Dieses Verhältnis kann auch als Hilfsmittel für die Übertragung von Methoden von einer Partikelgröße auf eine andere verwendet werden. Eine Säule mit einem L/d_p-Verhältnis von 30.000 [mäßig anspruchsvolle Trennung] ist eine sehr gängige Wahl. Wie in Abbildung 39 zu sehen, ist eine typische HPLC-Säule mit einer Trennleistung von 30.000 150 mm lang und mit 5-µm-Partikeln gepackt. Mit abnehmender Partikelgröße kann dieselbe Trennleistung in einer kürzeren Säule erreicht werden [was eine schnellere Analysezeit bedeutet; d.h. eine 50 mm lange Säule, die mit 1,7-µm-Partikeln gepackt ist, erreicht ein L/d_p-Verhältnis von 30.000]. Neben einer kürzeren Säulenlänge nimmt mit abnehmender Partikelgröße auch die optimale Flussrate zu, was die Analysedauer weiter verkürzt.

Das lässt sich chromatographisch besser veranschaulichen [Abbildung 40]. Eine 50 mm lange UPLC-Säule mit 1,7-µm-Partikeln liefert dieselbe Trennleistung wie eine 150 mm lange HPLC-Säule mit 5-µm-Partikeln. Wenn das L/d_p-Verhältnis konstant bleibt, wird die Analysezeit um 10 ´ verkürzt, während die Auflösung gleich bleibt. Die Flussraten wurden umgekehrt proportional zu jeder Partikelgröße eingestellt. Die Injektionsvolumina wurden proportional zum Säulenvolumen skaliert, sodass dieselbe Massenbeladbarkeit auf der Säule injiziert wurde.

Das Verständnis der Rolle des Verhältnisses von Säulenlänge zu Partikelgröße [L/d_p] ist entscheidend für das Verständnis der UPLC-Technologie.

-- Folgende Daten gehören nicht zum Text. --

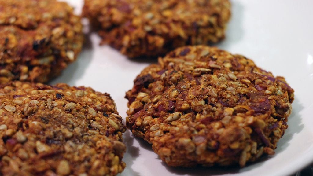 Tämä versio rakentuu jauhelihamaisen rakenteen omaavasta pihvistä, johon on käytetty mm. aurinkokuivattua tomaattia, auringonkukansiemeniä ja cashewpähkinöitä. Sämpylä pohjautuu manteli- ja tapiokajauhon kombolle. Kokosin burgeriohjeen kahdesta reseptistä ja lisäsin vielä höysteeksi toisaalta kirjasta manteliaiolin. Kantsii kokeilla!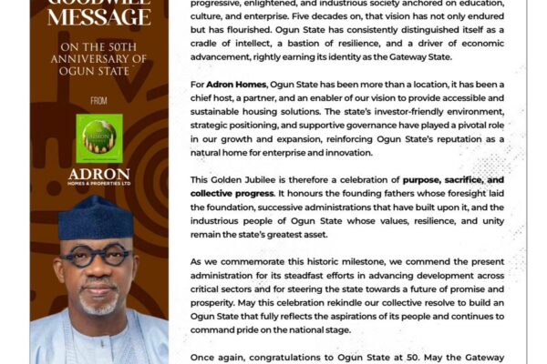 The Board of Directors, Management, and staff of Adron Group heartily congratulate His Excellency, Prince Dapo Abiodun, MFR, CON, and the good people of Ogun State as the State marks its Golden Jubilee, celebrating 50 years of progress, resilience, and development. Since its creation five decades ago, Ogun State has remained a beacon of progress,…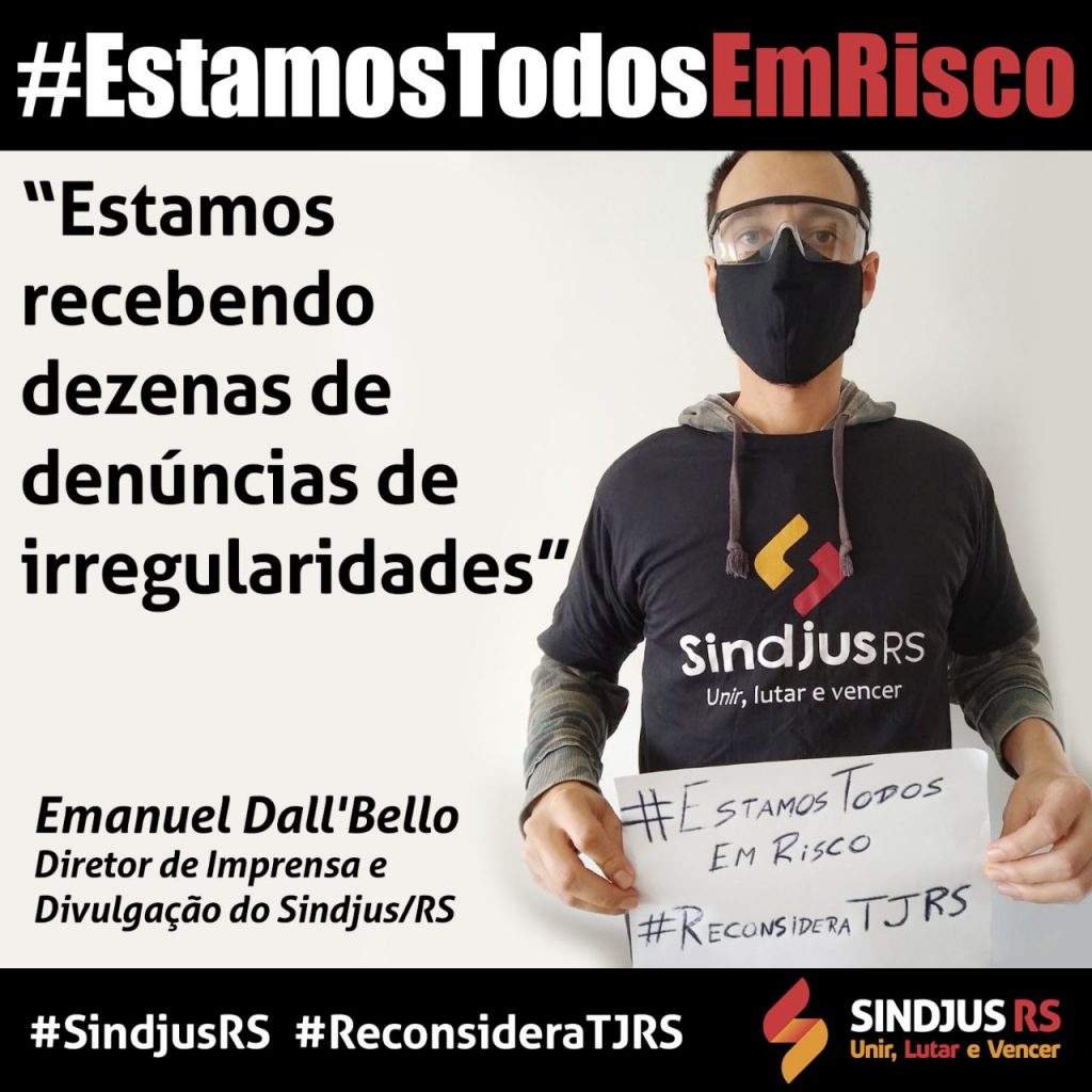 Além de atos e veiculação de peças com as mensagens da campanha, os dirigentes do sindicato esclarecem que é fundamental que os servidores em suas comarcas participem da mobilização para pressionar o Tribunal a reconsiderar a decisão. Para fortalecer o engajamento na campanha, os servidores podem enviar fotos das atividades em suas comarcas para o email imprensa@sindjus.com.br e postar em suas redes usando as hashtags #EstamosTodosEmRisco e #ReconsideraTJRS, o que pode ser feito como o exemplo do registro do diretor Emanuel Dall’Bello.

Die UPLC-Technologie basiert auf dem effizienten Packen kleiner, drucktoleranter Partikel in kurze [hoher Durchsatz] oder lange [hohe Auflösung] Säulen. Diese UPLC-Säulen werden in einem LC-Gerät verwendet, das für den Betrieb bei der optimalen Lineargeschwindigkeit [und dem entsprechenden Druck] für diese Partikel mit minimaler Bandenverbreiterung ausgelegt ist.

Messen der Gradiententrennleistung [Peakkapazität]

Unter isokratischen Bedingungen ist die Bodenzahl [N] ein Maß für die kumulativen Bandenverbreiterungsbeiträge des Geräts und der Säule. Aufgrund der diffusionsbedingten Bandenverbreiterung nimmt die Breite einer Analytbande zu, je länger die Analytbande auf der stationären Phase gehalten wird.

Bei einem Gradientenlauf ändert sich die Elutionsstärke der mobilen Phase im Laufe der Analyse. Dies führt dazu, dass sich stärker zurückgehaltene Analytbanden schneller durch die Säule bewegen [und sich somit die Retentionszeit ändert], wodurch die Banden konzentrierter [schmal] gehalten werden. Bei der Reversed-Phase-Chromatographie steuert die zunehmende Elutionsstärke der mobilen Phase die Breite der erzeugten Banden, was zu ähnlichen Peakbreiten beim Durchgang der Banden durch den Detektor führt. Da sich die Peakbreite und Retentionszeit durch die Stärke der mobilen Phase ändern, ist die Bodenzahl [aufgrund ihrer Beziehung zur Peakbreite] kein gültiges Maß für Gradiententrennungen.

Die Trennleistung eines Gradienten kann anhand seiner Peakkapazität [P_c] berechnet werden. Daher ist die Peakkapazität einfach die theoretische Anzahl von Peaks, die in einer gegebenen Gradientenzeit getrennt werden können. Die Peakkapazität ist umgekehrt proportional zur Peakbreite. Damit P_c zunimmt, muss die Peakbreite daher abnehmen.

Die Peakkapazität kann durch den Einsatz der UPLC-Technologie drastisch erhöht werden. Das hohe Trennleistung der UPLC-Technologie ermöglicht es, mehr Informationen pro Zeiteinheit zu erzeugen, indem die Leistung von Sub-2-µm-Partikeln auf Geräten mit außergewöhnlich niedriger Dispersion [2,8 µL Bandenverbreiterung] genutzt wird. Dadurch können mehr Informationen aus einer gegebenen Probe gesammelt werden. Zum Beispiel liefert ein Trypsinverdau von Phosphorylase b ~70 identifizierte Peaks unter Verwendung einer HPLC-Säule, die mit 5-µm-Partikeln gepackt ist [Abbildung 43A]. Mit der UPLC-Technologie steigt die Anzahl der identifizierbaren Peaks von 70 auf 168, wodurch das Vertrauen in die Proteinidentifizierung verbessert wird [Abbildung 43B].